而他们以为已经死掉了的贾蔷薇,却在曼德勒的医院里救活了,医生是专程从东京赶到曼德勒的名医,说是专程,似乎是早就知道贾蔷薇会是这个结果,因为她为岛国找到了再生稻这样无法用金钱来衡量的种子,岛国对她的拯救,也就如挽救一枚死掉的种子。
贾蔷薇想起了与三井加藤的第一次见面。
三井加藤声音很温和,像在念一封早就写好的信。
“你不是这里的人,你是北海道人,那边,才是你的祖国。”
贾蔷薇坐在酒店房间的沙发上,窗外是陌生的城市夜景。
她没立刻反驳,也没有激动,只是下意识地把放在膝上的手,往衣角里缩了缩。
那是一个很老的习惯——
在孤儿院被大人训话时,她会这样,像是要把自己藏进衣服里,变小一点,再小一点。
三井加藤在说“祖国”这个词时,她脑海里跳出来的,不是地图、不是国旗,而是:冬天煤炉上咕嘟冒泡的土豆汤,院里那棵老榆树,掉下的叶子会把石板路铺满,夜里熄灯后,隔壁床的女孩偷偷塞给她的一块水果糖。

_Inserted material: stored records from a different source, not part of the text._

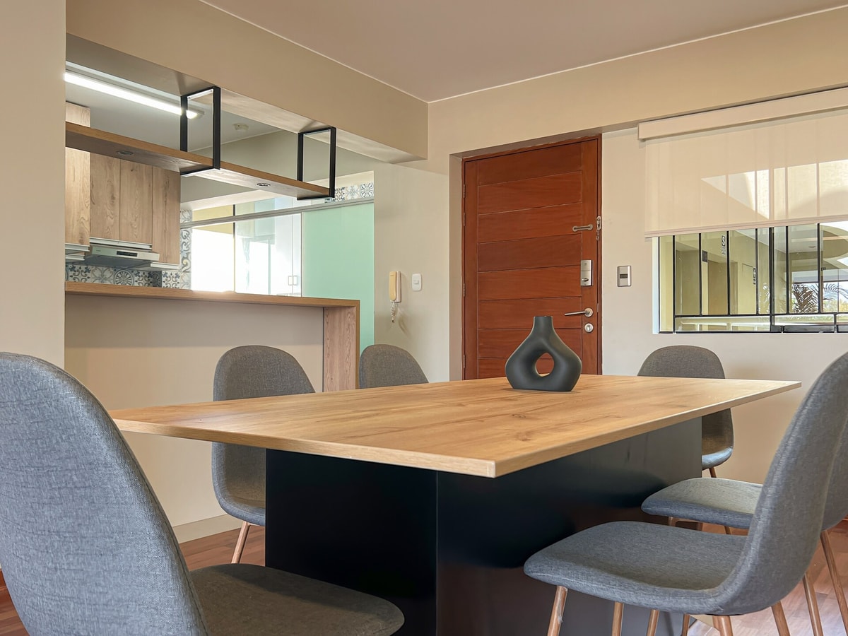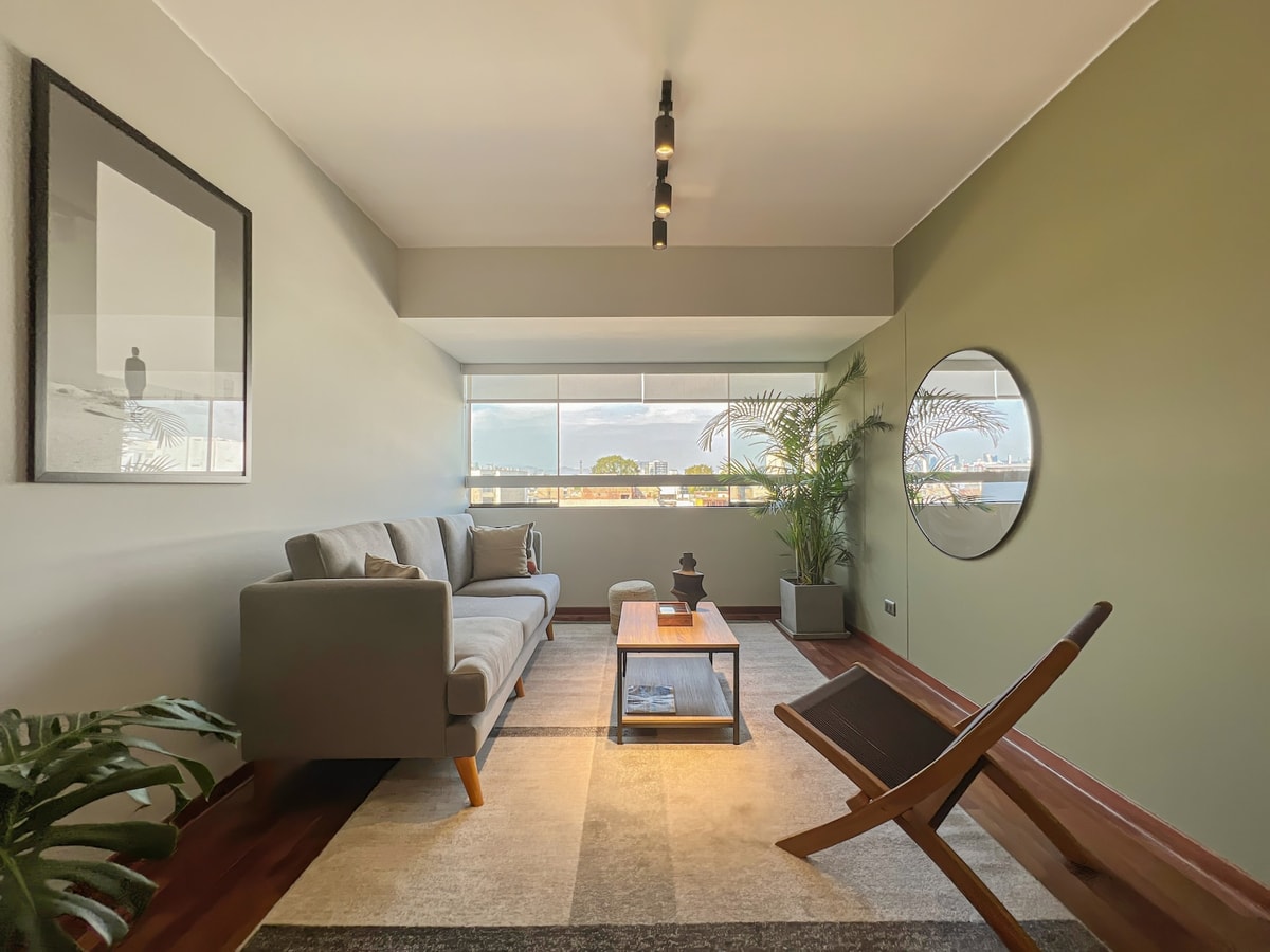 Experimente el ambiente bohemio de Miraflores desde este moderno departamento de 3 dormitorios, a pocos pasos del Malecón, los mejores restaurantes y el centro comercial Larcomar. Ideal para familias, grupos de amigos o viajeros de negocios que buscan estilo, confort y buena energía. Disfrute de la cocina totalmente equipada, acogedora sala de estar, Smart TV y WiFi rápido. Reserve ahora y experimente lo mejor de Lima desde Miraflores!
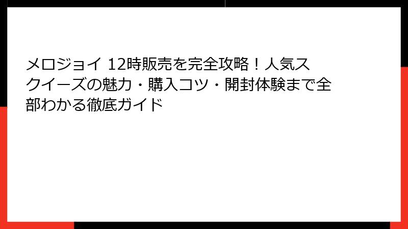 あなたは今、メロジョイの魅力に引き込まれているのではないでしょうか?毎日12時に訪れるあの興奮、スクイーズおもちゃの柔らかな触感、そして可愛らしいデザインが織りなす世界。
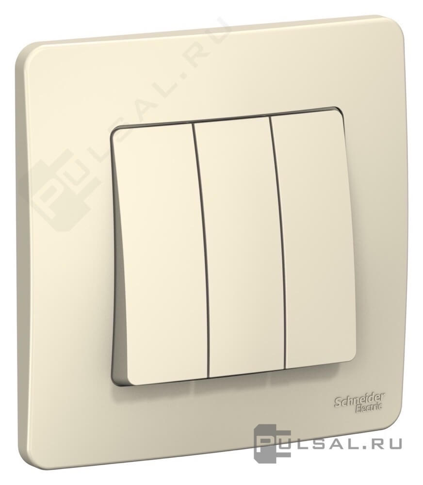 Выключатель 10 А Blanca, трехклавишный, без подсветки, цвет - молочный
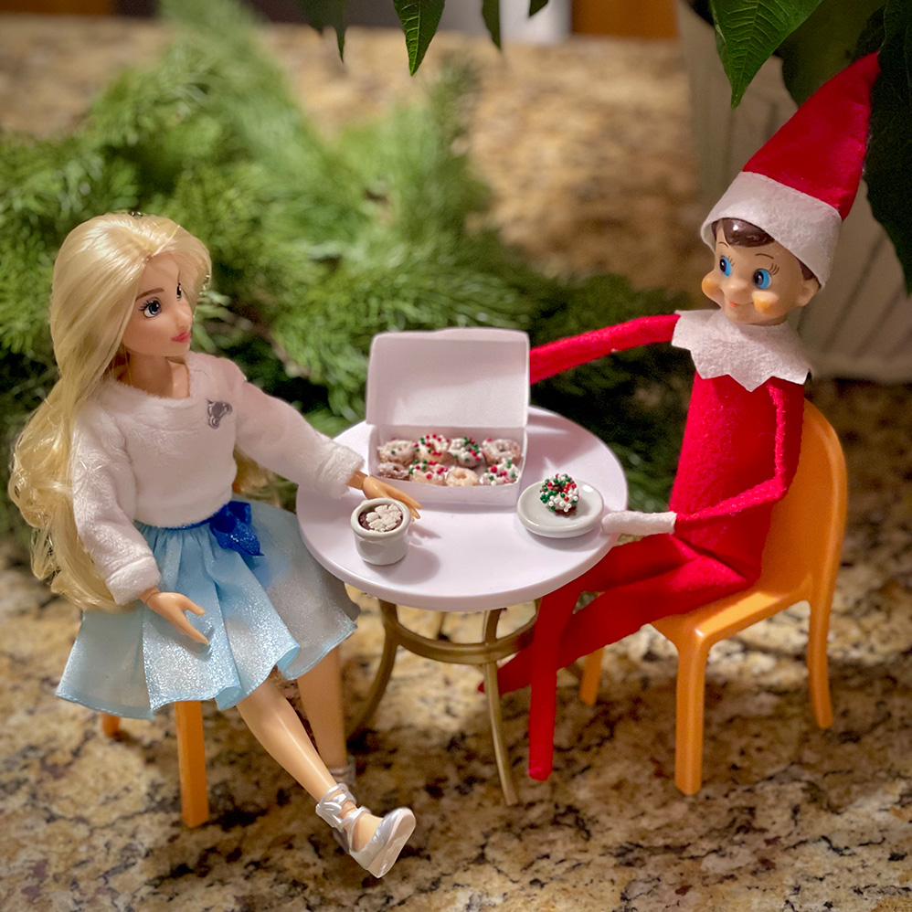 This idea could easily become Elf Cupcakes as well – just use cup-shaped candies like Rolo caramels or Reese’s Peanut Butter Cups for the base, and then frost and sprinkle! My girls really liked seeing our Elf having breakfast with one of their favorite dolls this morning. Hope you have fun recreating the scene!
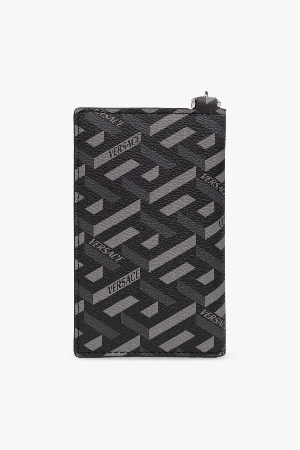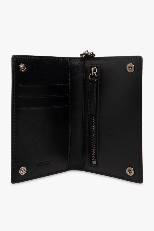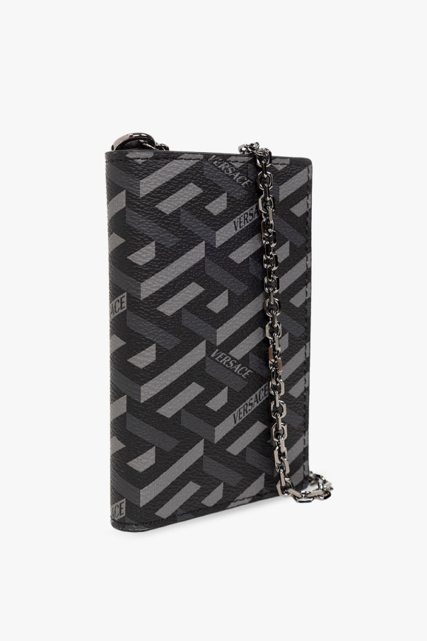 Black and grey folding wallet from Versace. Crafted from faux leather with the brand\'s ‘La Greca’ pattern, this design features snap closures, a detachable chain strap in dark silver-tone, and two slip pockets, one zip pocket and three card slots inside.
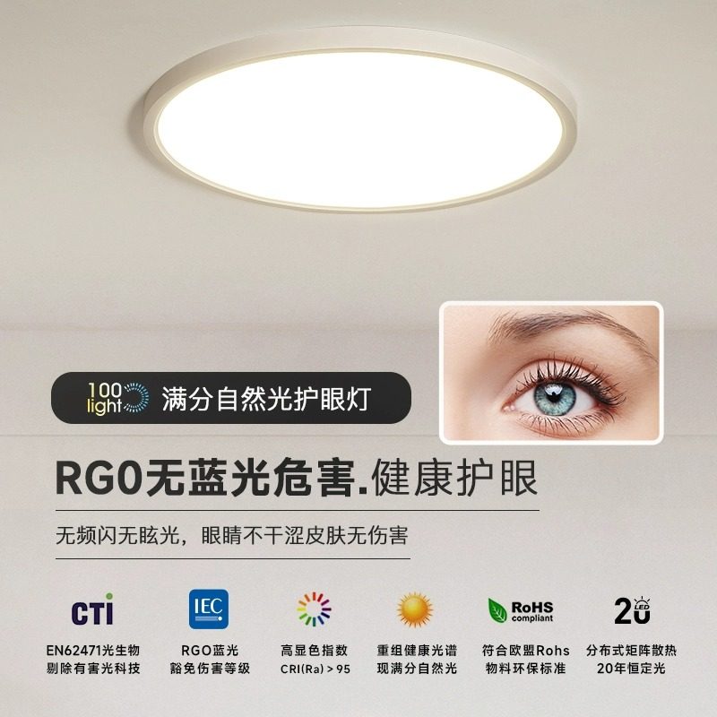 全光谱护眼吸顶灯卧室灯主卧2025年新款中山灯具现代简约房间书房
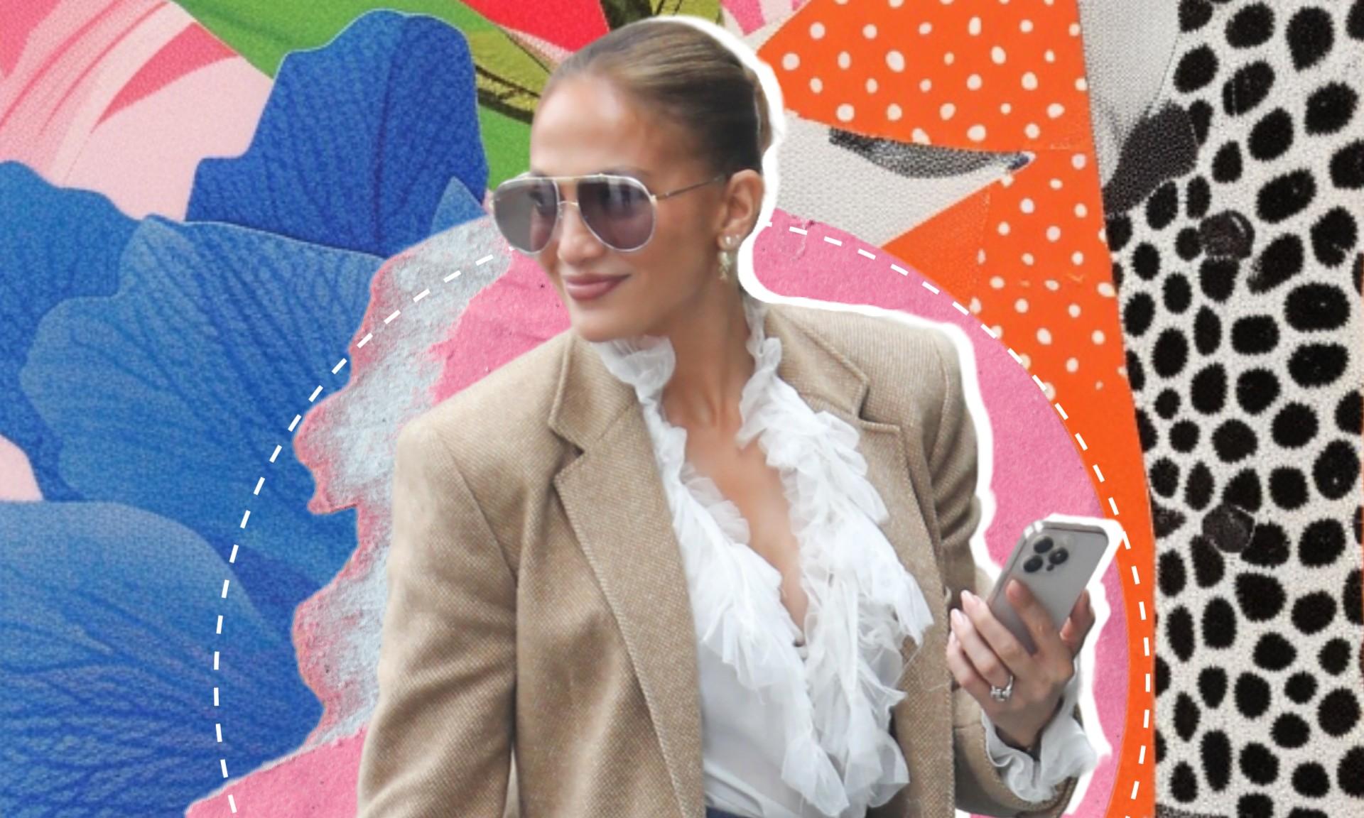 Первое, что привлекает внимание в образе Джей Ло, — белая блузка с жабо. Легкая, почти воздушная ткань, пышная отделка на V-образном вырезе и слегка объемные рукава делают этот элемент наряда центральным. Такие блузки сегодня переживают настоящий ренессанс: дизайнеры щедро наполняют ими свои коллекции, превращая классический атрибут старинных костюмов в предмет повседневного гардероба.

这些东西,突然一下子变得有点“不对劲”,好像不属于她将要去的那个“祖国”。
但她又说不清哪里不对,只觉得胸口有点发闷。
她抬起头,礼貌地笑了笑,“知道了。”
那笑容标准得像她在朗诵比赛上练习过一百次的模样。
可在她心里,有很小很小的一角,在想,如果“祖国”是指有人记得你小时候怕黑、记得你爱吃甜的,那我现在站的地方,算什么呢?
她没问出口。
因为她已经听见自己心里,有一块东西轻轻裂开的声音。
从那以后,她开始学着用“他们”的语言说话,用“他们”的逻辑思考,用“他们”的目光看这片土地。
她以为这是“回家”。
其实更像,慢慢把那间有煤炉、有老榆树、有水果糖的房间,从自己心里搬空。
夜深了,羊拉乡的招待所里,其他人都睡了。
贾蔷薇坐在窗边,膝上摊着一本旧笔记本,钢笔尖在纸上游走,发出细碎的沙沙声。
她写得很慢,像是在把风声、虫鸣、远处江水的气味,一点点摁进字里。
写“我只爱脚下的大地”那句时,她停了笔,手指无意识地摩挲着纸边。
那一瞬间,她想起的是……
孤儿院后院那片被踩得结实的泥地,雨后会长出很小很小的野花;
第一次读到“故土”这个词时,她下意识摸了摸自己的胸口,觉得那里空空的,好像没有“土”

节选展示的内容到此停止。